┌─ EXTRACTED INFORMATION
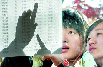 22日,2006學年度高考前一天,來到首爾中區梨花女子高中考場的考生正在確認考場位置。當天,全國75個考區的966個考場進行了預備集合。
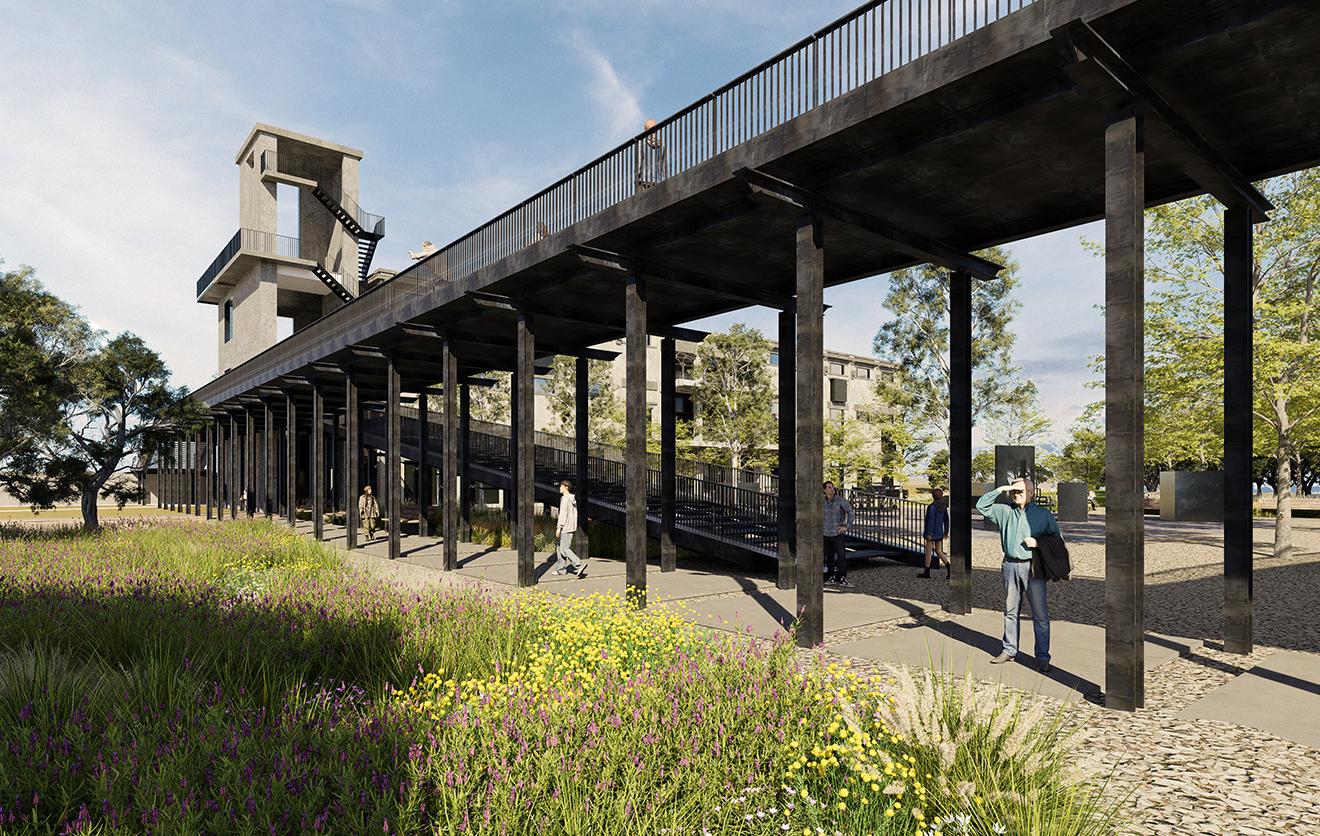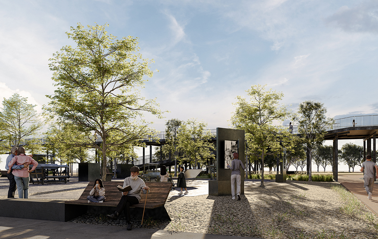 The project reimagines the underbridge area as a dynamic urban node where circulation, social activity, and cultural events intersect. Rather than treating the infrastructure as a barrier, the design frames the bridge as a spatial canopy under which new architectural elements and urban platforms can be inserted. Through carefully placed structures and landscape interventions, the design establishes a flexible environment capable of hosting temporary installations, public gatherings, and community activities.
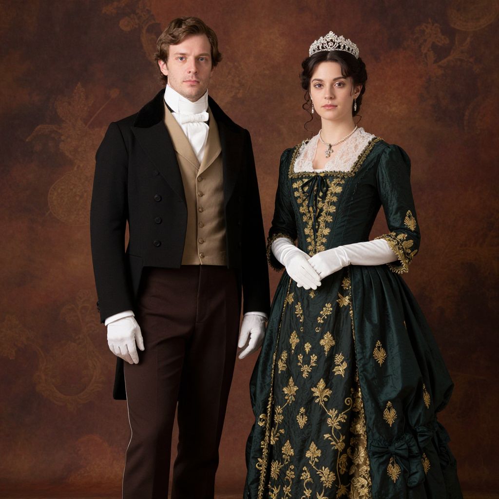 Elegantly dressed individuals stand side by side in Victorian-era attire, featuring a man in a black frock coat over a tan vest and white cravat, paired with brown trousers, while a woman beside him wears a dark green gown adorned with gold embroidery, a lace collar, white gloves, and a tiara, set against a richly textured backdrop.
└─
┌─ EXTRACTED INFORMATION
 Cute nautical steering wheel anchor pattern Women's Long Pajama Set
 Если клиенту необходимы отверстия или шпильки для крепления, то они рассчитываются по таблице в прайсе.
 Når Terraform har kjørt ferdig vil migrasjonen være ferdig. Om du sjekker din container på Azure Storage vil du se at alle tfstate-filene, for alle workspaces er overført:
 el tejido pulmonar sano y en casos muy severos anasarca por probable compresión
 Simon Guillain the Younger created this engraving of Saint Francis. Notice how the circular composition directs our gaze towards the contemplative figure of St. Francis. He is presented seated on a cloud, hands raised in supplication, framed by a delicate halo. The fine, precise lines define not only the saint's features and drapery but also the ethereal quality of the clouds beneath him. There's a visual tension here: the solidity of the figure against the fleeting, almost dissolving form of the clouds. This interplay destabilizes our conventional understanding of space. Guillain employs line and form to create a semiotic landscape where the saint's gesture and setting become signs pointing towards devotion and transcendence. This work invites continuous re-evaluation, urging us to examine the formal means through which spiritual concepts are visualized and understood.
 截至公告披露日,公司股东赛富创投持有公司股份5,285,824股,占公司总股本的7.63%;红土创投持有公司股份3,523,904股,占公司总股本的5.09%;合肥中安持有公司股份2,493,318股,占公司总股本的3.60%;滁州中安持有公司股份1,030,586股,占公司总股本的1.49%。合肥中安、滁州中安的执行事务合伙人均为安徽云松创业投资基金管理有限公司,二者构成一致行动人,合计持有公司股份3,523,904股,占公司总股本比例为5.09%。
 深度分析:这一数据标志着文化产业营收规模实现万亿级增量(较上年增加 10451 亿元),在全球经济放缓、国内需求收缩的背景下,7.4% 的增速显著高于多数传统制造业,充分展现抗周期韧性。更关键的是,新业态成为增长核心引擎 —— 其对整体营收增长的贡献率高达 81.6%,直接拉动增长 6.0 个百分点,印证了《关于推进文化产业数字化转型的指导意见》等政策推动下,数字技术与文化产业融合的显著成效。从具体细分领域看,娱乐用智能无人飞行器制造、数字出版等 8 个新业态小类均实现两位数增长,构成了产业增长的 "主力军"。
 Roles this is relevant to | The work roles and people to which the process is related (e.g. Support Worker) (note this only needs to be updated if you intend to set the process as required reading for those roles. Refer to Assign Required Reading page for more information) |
└─
┌─ EXTRACTED INFORMATION
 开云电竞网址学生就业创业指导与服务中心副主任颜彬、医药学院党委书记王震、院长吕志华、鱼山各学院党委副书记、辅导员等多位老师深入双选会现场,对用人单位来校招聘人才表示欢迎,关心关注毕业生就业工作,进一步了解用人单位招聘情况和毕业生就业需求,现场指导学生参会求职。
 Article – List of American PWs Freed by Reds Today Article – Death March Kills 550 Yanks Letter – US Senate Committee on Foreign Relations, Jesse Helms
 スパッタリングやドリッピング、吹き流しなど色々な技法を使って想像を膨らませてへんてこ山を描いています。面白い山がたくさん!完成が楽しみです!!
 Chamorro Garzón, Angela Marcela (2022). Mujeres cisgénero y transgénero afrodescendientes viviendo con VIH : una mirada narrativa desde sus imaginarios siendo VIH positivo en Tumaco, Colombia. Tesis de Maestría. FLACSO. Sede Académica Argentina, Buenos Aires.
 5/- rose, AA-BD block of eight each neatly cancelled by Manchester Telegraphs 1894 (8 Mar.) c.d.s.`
└─
- [WHAT TO PRODUCE]: Please copy the lines above exactly, starting at the line that holds "22日,2006學年度高考前" and ending at the line that holds "Elegantly dressed individuals"; include both, but no pictures.

- [EXERCISE OUTPUT]:
 22日,2006學年度高考前一天,來到首爾中區梨花女子高中考場的考生正在確認考場位置。當天,全國75個考區的966個考場進行了預備集合。
 The project reimagines the underbridge area as a dynamic urban node where circulation, social activity, and cultural events intersect. Rather than treating the infrastructure as a barrier, the design frames the bridge as a spatial canopy under which new architectural elements and urban platforms can be inserted. Through carefully placed structures and landscape interventions, the design establishes a flexible environment capable of hosting temporary installations, public gatherings, and community activities.
 Elegantly dressed individuals stand side by side in Victorian-era attire, featuring a man in a black frock coat over a tan vest and white cravat, paired with brown trousers, while a woman beside him wears a dark green gown adorned with gold embroidery, a lace collar, white gloves, and a tiara, set against a richly textured backdrop.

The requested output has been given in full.